После окончания Кирсановской средней школы Николай поступил в Московский институт стали, а затем, по режимным соображениям органов, его перевели на горный факультет Московского института Цветметзолото, где стал активистом Осоавиахима, лучшим стрелком и лыжником.

Поэтому, когда грянула война, его решение пойти добровольцем на фронт пришло само собой, без колебаний и сомнений. Ведь он был сыном русского офицера, с детства готовым к исполнению обязанностей защитника Отечества.

О том, что было с ним потом, о фронте, фашистском плене, подпольной работе, пытках в подвалах гестапо, побеге из лагеря смерти и партизанской борьбе в тылу врага - он обязан был написать эту книгу.

Эта книга - рапорт Родине о выполнении им воинской присяги на верность Отечеству.

<…> Позднее прозрение

За несколько дней от отъезда из Дабендорфа с Николаем произошло событие, над которым он и поныне ломает голову, гадая, что же это все-таки было в действительности - наваждение или своеобразное послание через линию фронта.

А случилось следующее. После ужина он зашел в соседний барак, чтобы повидаться с земляком из Тамбова. В накуренном бараке царил обычный шум, многие военнопленные уже растянулись на нарах, другие забивали "козла", играли в шахматы. К Николаю с дымящей козьей ножкой подошел пожилой лейтенант и сказал:
- У туалетов вас ожидает приятель, хочет с вами поговорить.

Кирсанов направился к туалетам, уверенный, что его зовет Андрей Рыбальченко. В тусклом свете лампы заметил стоящего человека. Подойдя поближе, понял, что это не Рыбальченко, а незнакомый подтянутый капитан.
- Добрый вечер, господин поручик, позвольте представиться: адъютант начальника школы генерал-майора Ивана Алексеевича Благовещенского. Генерал просит вас к себе незамедлительно.

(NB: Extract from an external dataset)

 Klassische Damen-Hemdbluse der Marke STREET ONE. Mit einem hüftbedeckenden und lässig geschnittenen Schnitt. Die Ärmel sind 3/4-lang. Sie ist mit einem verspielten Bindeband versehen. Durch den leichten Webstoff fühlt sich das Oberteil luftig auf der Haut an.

Капитан повел Николая в сторону клуба, потом, круто завернув за угол к зданию конторы школы, прошел по аллее между рядов молодых сосенок, затем через проходной дворик подошел к крылечку дома начальника школы.


Всю дорогу Николай волновался: в чем дело?
Бушманов как-то рассказывал Николаю, что до войны Благовещенский был начальником военно-морского училища в Либаве. Сухой и строгий генерал редко появлялся среди курсантов, и все знали, что при немецком шефе школы, фон дер Роппе, Благовещенский - фигура второстепенная. Тем не менее генерал состоял в свите Власова, являлся членом Русского Комитета Освобождения, начальником школы… Еле успевая за адъютантом, Николай заметил, что капитан нарочно петляет. Это озадачило его и насторожило.

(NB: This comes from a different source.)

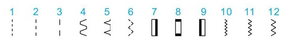 Cuenta con 12 tipos de puntadas que lo apoyan para terminar la costura en zigzag, ojales, cremalleras, costuras, dobladillos, etc. También está equipado con la función Reverse.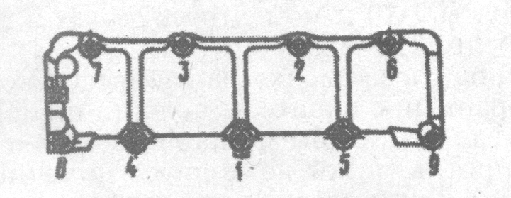Рис. 2-15. Порядок затягивания болтов крепления головки цилиндров двигателя ВАЗ

В прихожей квартиры, где жил и работал генерал, адъютант попросил Кирсанова присесть и пошел докладывать. Вскоре капитан вернулся, галантным жестом попросил Николая войти и плотно прикрыл за ним дверь. У большой, закрывающей всю стену карты с разноцветными флажками стоял еще молодой, статный генерал в белой сорочке и накинутом на плечи немецком френче. На гладко выбритом интеллигентно лице топорщились усики, маленькие глазки смотрели из-под стекол пенсне настороженно и внимательно.

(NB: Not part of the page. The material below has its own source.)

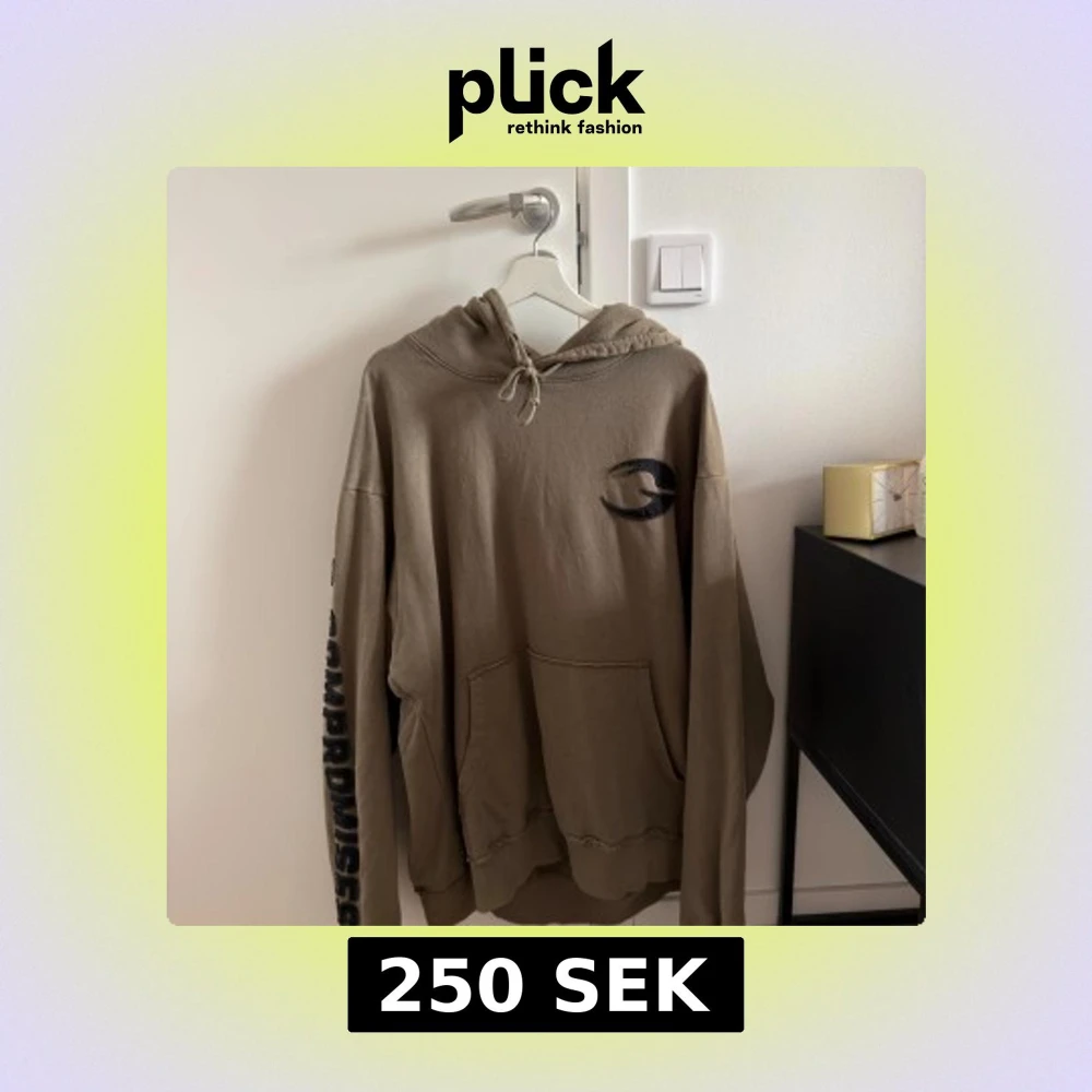 Säljer en beige hoodie med svart tryck på bröstet och text längs ena ärmen. Tröjan har huva med snörning och en stor magficka framtill. Perfekt för en avslappnad och cool stil.

В ответ на приветствие Николая генерал мягко улыбнулся, подал ему узкую холодную ладонь и предложил сесть в кресло у стола. Некоторое время оба молча смотрели друг на друга.
- Вы удивлены ночным вызовом, понимаю. Но не волнуйтесь. Мне вас рекомендовали, я хочу с вами познакомиться лично и кое-что обсудить, - сказал наконец Благовещенский и спросил: - Вы курите?
- Нет.
- А как насчет рюмочки французского коньяка?
- Благодарю, господин генерал, - смутился Николай, - я совершенно не пью!
- Хорошо, хорошо… - генерал улыбнулся. - Значит, мы имеем дело с непорочной девой. Впрочем, вы еще так молоды, со временем все придет… Кажется, вы из семьи священника. Я, между прочим, тоже.
Чего-чего, но такого вопроса Николай ожидать не мог. Как генерал мог про это узнать? Ведь он никому не говорил. Однако, скрывая растерянность, выдохнул:
- Так точно, господин генерал!
Благовещенский поморщился:
- Это не официальная аудиенция, поручик, а скорее дружеская беседа двух, как у нас говорили, братьев по классу… Вы знаете, что духовенство в России всегда было особой кастой? Церковь сыграла огромную созидательную и прежде всего собирательную роль в истории нашего государства. Это тот стержень, на котором держалась громадная империя. Более того - Церковь способствовала единству Русских Царей с их многонациональными подданными. Не случайно в 1917 году евреи, руками большевиков, свой первый сатанинский удар карающего меча революции нанесли по служителям нашей с вами Церкви.
Генерал прошелся по кабинету, а затем, сев за стол, глядя прямо в глаза Николая, сказал:
- Вы верите в Бога? Вы крещены?
- Я сын, внук и правнук священнослужителей, воспитывала меня до студенческих лет в основном бабушка - дочь и жена священника. Так что я не только крещен, но искренне верю в Бога нашего Иисуса Христа. Вот только крест я не мог носить из-за большевистских порядков. Все, и особенно молодежь, вынуждены были так поступать. Между прочим, из-за духовного происхождения меня в 1938 году из Московского института стали выгнали. После окончания первого курса вызвали в отдел кадров, там сидел уполномоченный НКВД. Задали, для видимости, несколько вопросов, а затем кадровик объявил, что я исключен из института как "сын попа и чуждый элемент" и не имею права учиться в оборонном вузе. Спасибо, что, как отличника, приняли меня на горный факультет института Цветметзолото. И то, видимо, потому что на всех рудниках работали заключенные.
Генерал хитро улыбнулся и с иронией спросил:
- И после этого вы через три года добровольцем пошли на фронт защищать большевиков?
Сделав паузу, Николай спокойно, но с достоинством ответил:
- Я пошел защищать не большевиков, а нашу с вами Россию, свой народ, свою мать и сестру.
- Извините, - почувствовав обиду в ответе Николая, поправился Благовещенский, - у нас действительно все по-особому. Недаром немцам трудно нас понять. Хорошо, что вы знаете, во имя чего пошли на войну. Именно поэтому я вас и пригласил. Мы с вами сейчас находимся в таких условиях, что верить человеку можно только с помощью Господа, Хранителя нашего. Разговор же у нас будет серьезный. Расскажите, пожалуйста, о себе, своей семье и о том, как проходила военная служба. Ну и… как попали к нам?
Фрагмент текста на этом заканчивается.